• _EXERCISE_: An exact, picture-free copy of the listing is required.

━━ DATA EXCERPT ━━

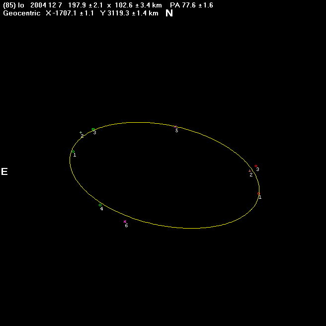 この小惑星(85)Io による恒星食は、1995年12月10日の恒星食でも北米で6地点の観測が得られています。さらに、今回の日本での観測の
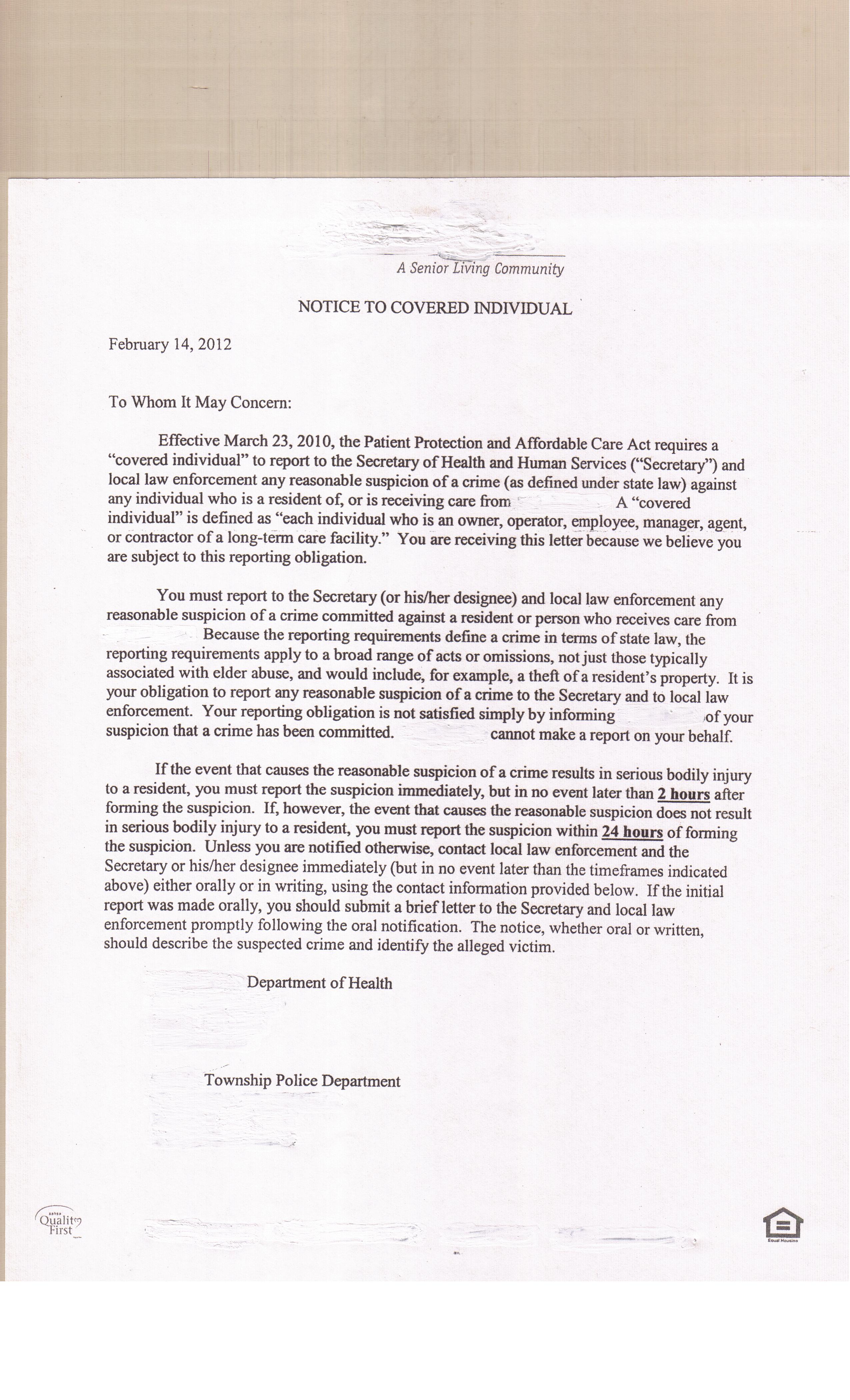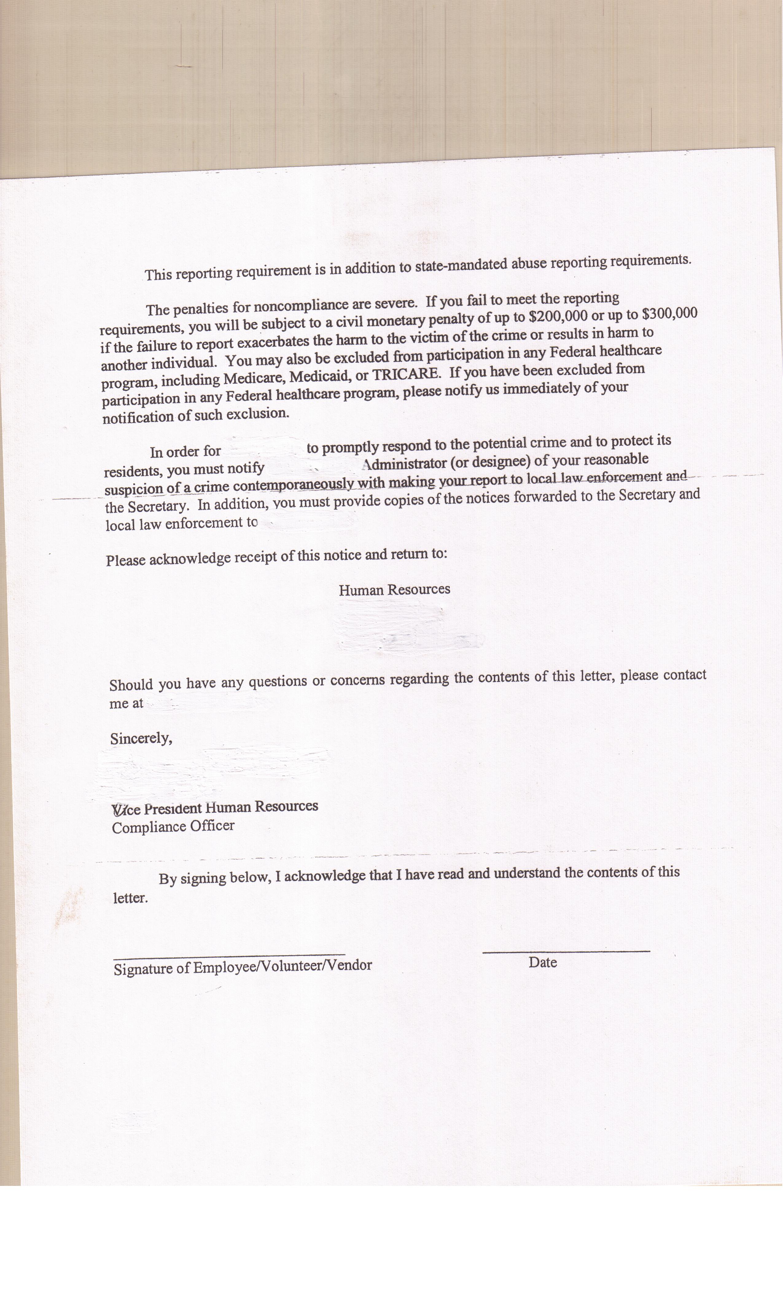 A not-so-friendly letter recently sent out at the behest of Madame Secretary of Health & Human Services, issued to anyone doing any sort of business, health-related or otherwise, at an East Coast senior citizen facility. All in the name of protecting senior citizens from any sort of harm or exploitation. Note the threats. Note the life-ruining penalties. Note the stringent requirements and precise time frames. Note the demand for extensive documentation, in triplicate or more to local authorities, state authorities, The Secretary Herself! All in the name of protecting senior citizens.
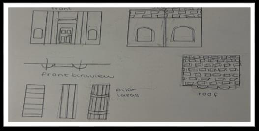 I used cardboard for the structure of the building with paper to show different patterns and textures. I outlined the house in red as it gave it a nice contrast between the brown carboard.

━━━

• _EXERCISE ANSWER_:
 この小惑星(85)Io による恒星食は、1995年12月10日の恒星食でも北米で6地点の観測が得られています。さらに、今回の日本での観測の
 A not-so-friendly letter recently sent out at the behest of Madame Secretary of Health & Human Services, issued to anyone doing any sort of business, health-related or otherwise, at an East Coast senior citizen facility. All in the name of protecting senior citizens from any sort of harm or exploitation. Note the threats. Note the life-ruining penalties. Note the stringent requirements and precise time frames. Note the demand for extensive documentation, in triplicate or more to local authorities, state authorities, The Secretary Herself! All in the name of protecting senior citizens.
 I used cardboard for the structure of the building with paper to show different patterns and textures. I outlined the house in red as it gave it a nice contrast between the brown carboard.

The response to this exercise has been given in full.